Construction of A Quadruped Robot Imitation Motion Control System Based on Deep Reinforcement Learning
摘要
As quadruped robots are increasingly applied in complex environments, how to efficiently control their motion has become a critical research issue. To enhance the performance of the robot control system, this study optimizes the Deep Deterministic Policy Gradient (DDPG) algorithm by integrating a Convolutional Neural Network (CNN) to improve the adaptability and motion control efficiency of quadruped robots in dynamic environments.

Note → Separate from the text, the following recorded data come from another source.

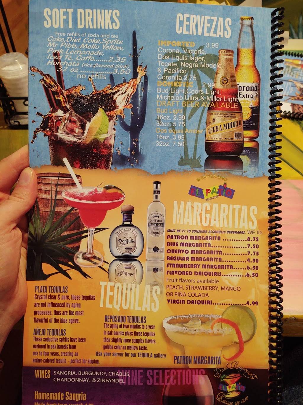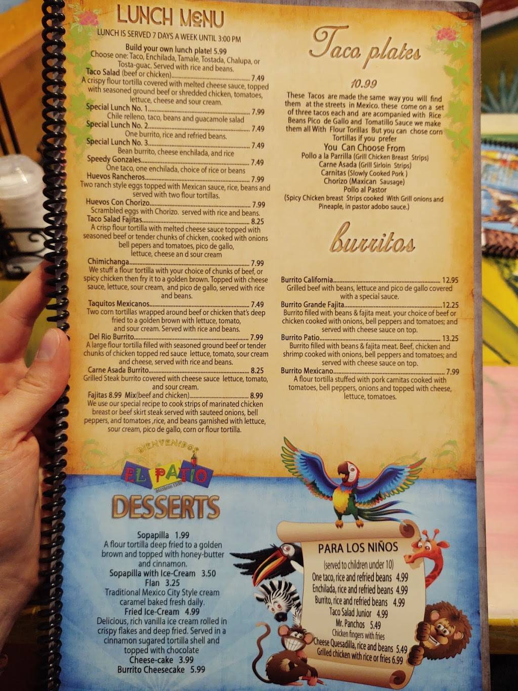 El Patio has acceptable food at a reasonable price in a fun themed setting. The moment you walk into the restaurant you feel uplifted and relaxed. The bold and brightly painted walls mixed with the decor and façade building roofs and walls make you feel like you are in a village plaza. The food is good except for the ground beef which isn’t so much ground as minced. It’s like a paste. I would recommend the chicken as an addition to your burritos instead. The restaurant has paraplegic parking, a wheelchair friendly entrance, and public bathrooms.
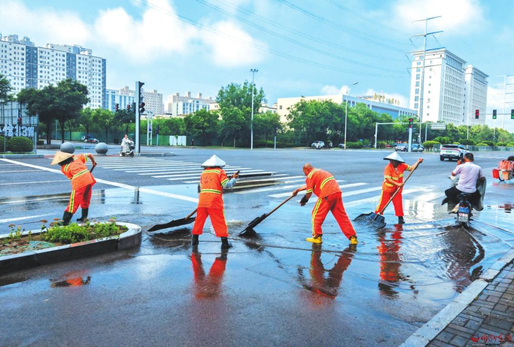 8月5日凌晨,我市降雨天氣造成城區(qū)部分道路路面積水。清晨,環(huán)衛(wèi)工人積極應(yīng)對(duì)雨情,對(duì)轄區(qū)內(nèi)路段開展排水清淤工作,保障市民日常出行。圖為環(huán)衛(wèi)工人在紫檀街路口清理積水。本報(bào)記者王陽(yáng)攝
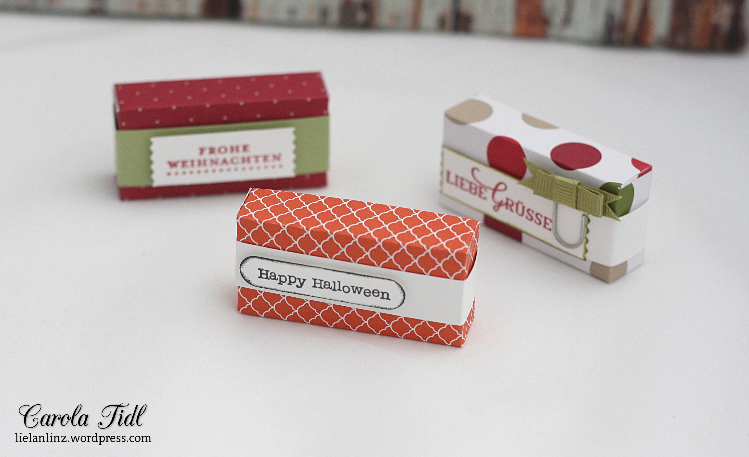 Ich hab für dieses Projekt verschiedene Designerpapiere von Stampin‘ Up! verwendet wie z.B. das Designerpapier im Block „Fröhliche Feiertage“. Dazu passen perfekt die Farben Chili und Olivgrün. Das Halloween-Päckchen ist in der Farbe Kürbisgelb gehalten und der Schriftzug ist schwarz gestempelt.
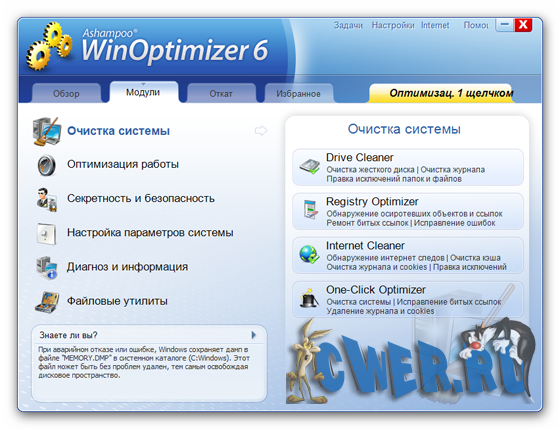 Удобная программа для оптимизации работы Windows. WinOptimizer залезет в самые труднодоступные уголки системы и прочистит их от не нужного мусора. Электронный чистильщик займется ненужными (или дублирующимися) файлами на жестком диске, удалит некорректные ключи из системного реестра, расчистит склад запылившихся файлов в во временном интернет-каталоге, настроит сетевые функции, а также проверит файловые ассоциации, настроит работу библиотек DLL и займется списком программ, загружающихся при запуске операционной системы - среди них тоже бывает много лишних.
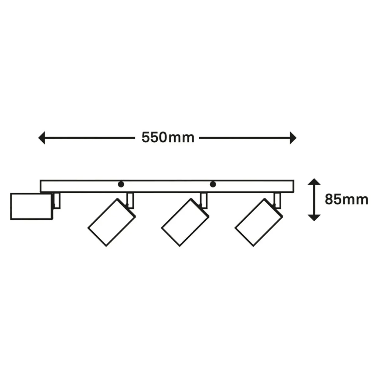 Posiada oprawę przeznaczoną dla 4 żarówek LED typu GU10 o mocy maksymalnej 9W.
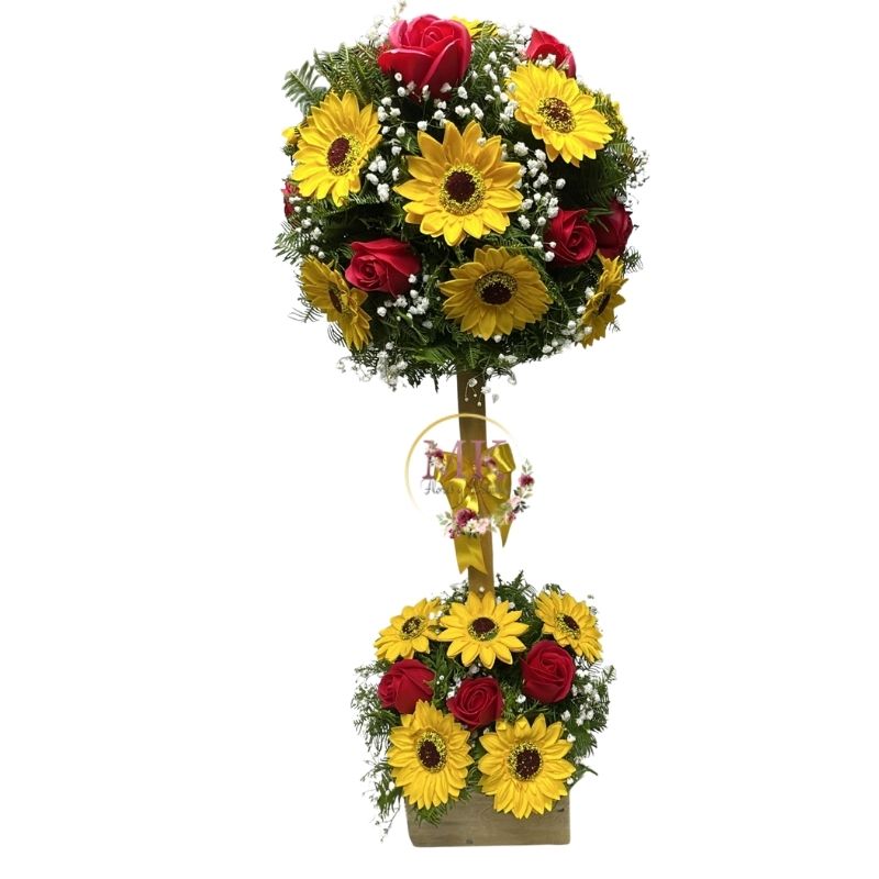 Arbolito de Girasoles y Rosas Eternas Rojas
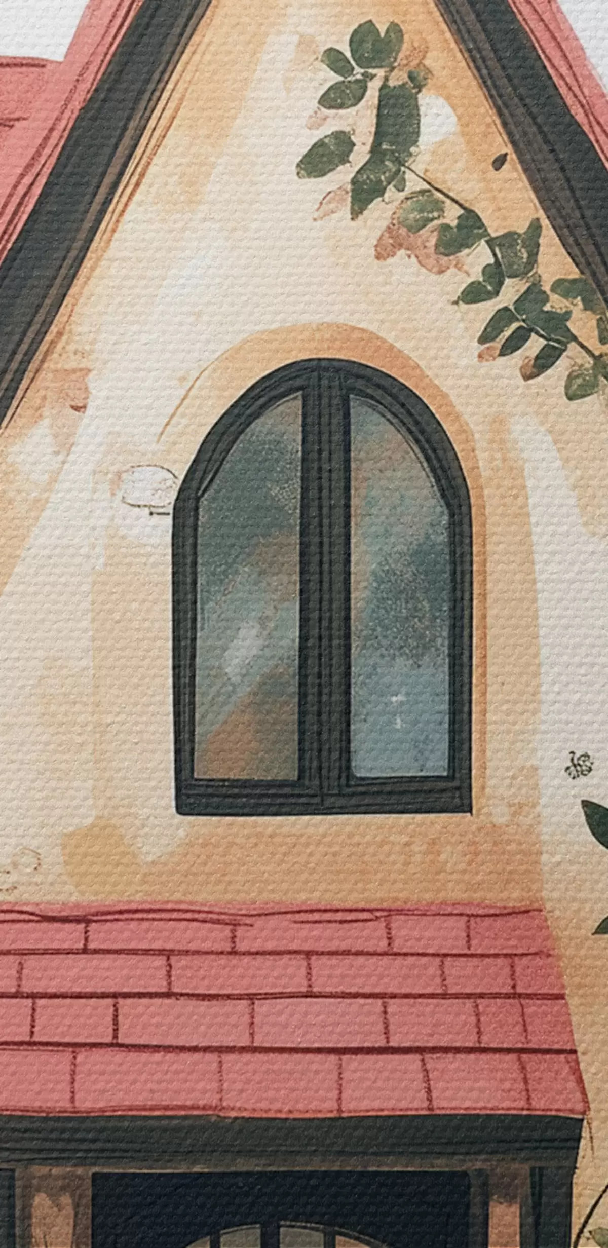 Schilderij Een sprookjeshuis in het bos, rozen, pastelstijl Art. s44718
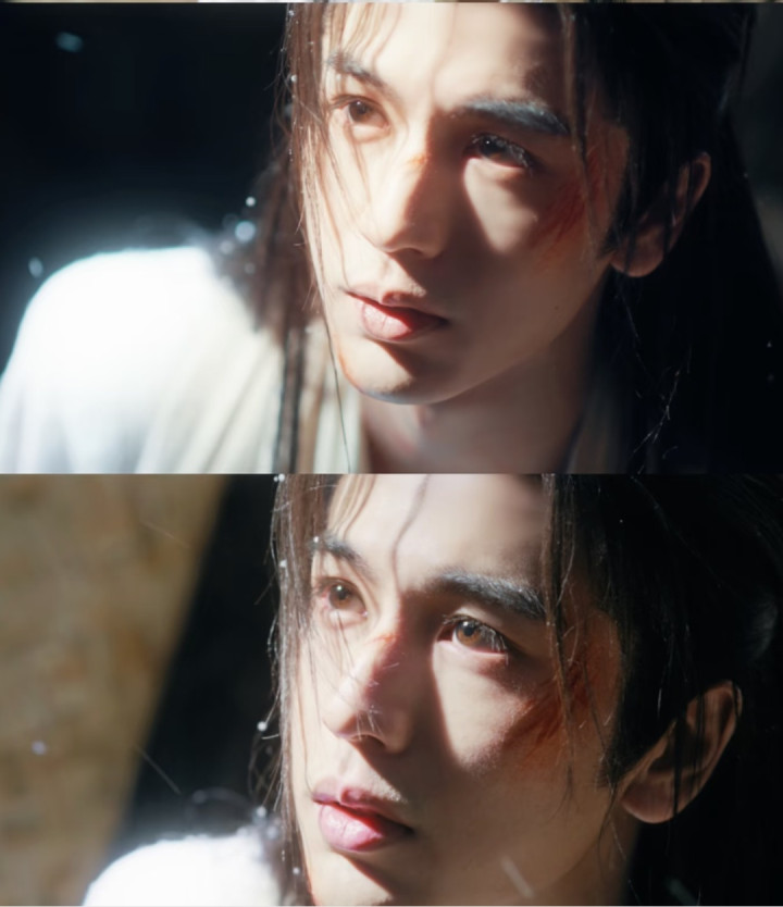 可当他渐渐抬眸,镜头特写之下,那双眼睛却清醒如寒星,凛凛似孤刃。
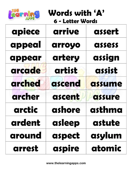 Download free printable 6 Letter words that start with A. Introduce kids to these Alphabet worksheets before starting their education. Try Now It’s free!
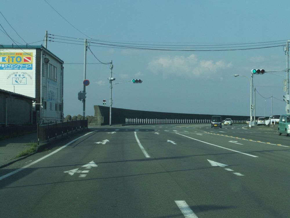 135号線を走り魚市場を過ぎたところに堤防への入口があります。
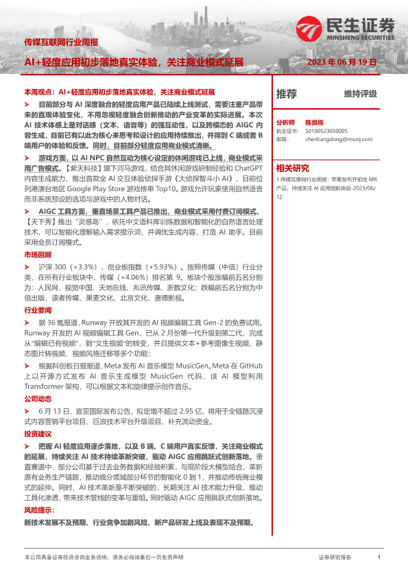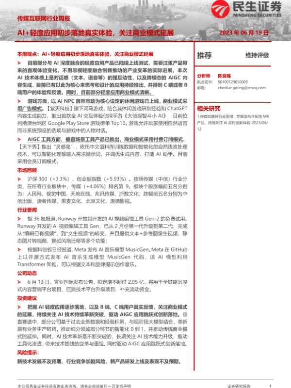 【民生证券】【20230619】传媒互联网行业周报:AI+轻度应用初步落地真实体验,关注商业模式延展-19页
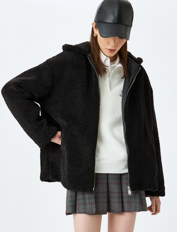 Kapüşonlu Fermuarlı Cep Detaylı Oversize Peluş Ceket Sepete Ekle
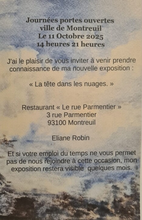 Exposition Eliane Robin au restaurant "Le rue Parmentier" 31 avenue de la Résistance 93100 MONTREUIL (lerueparmentier.com)
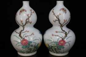 瓷器,老窑瓷,官窑,乾隆粉彩花卉虫草纹葫芦瓶一对 宽11厘米高18厘米 编号21100k215008
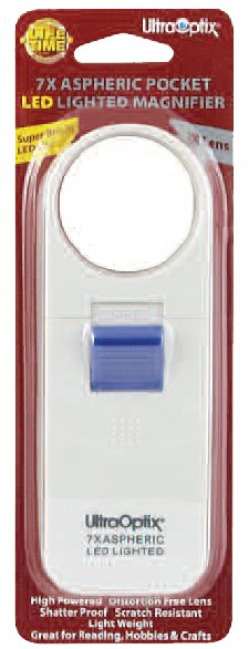 Pocket-sized optical quality 7x magnifier * Features an unbreakable scratch-resistant 1-1/2 lens * LED lighted for brilliant light * Requires 3 AAA batteries (not included)

Experimental results demonstrate that CNN-DDPG excels across multiple evaluation metrics. In terms of convergence speed, CNN-DDPG achieves an average reward of 9.5 within the first 100 iterations, significantly higher than the 5.2 for DDPG, 6.3 for Proximal Policy Optimization (PPO), 4.9 for Asynchronous Advantage Actor-Critic (A3C), and 7.0 for Soft Actor-Critic (SAC). As the number of iterations increases, the performance of CNN-DDPG continues to improve, notably outperforming other algorithms. Additionally, CNN-DDPG exhibits lower loss values and shorter path lengths in loss function optimization and path planning, especially in complex obstacle environments, effectively reducing redundant paths and enhancing task execution efficiency. By introducing CNN to optimize the DDPG algorithm, CNN-DDPG significantly improves the convergence speed and optimization effect of the robot control system in complex tasks, demonstrating high practical value and application prospects.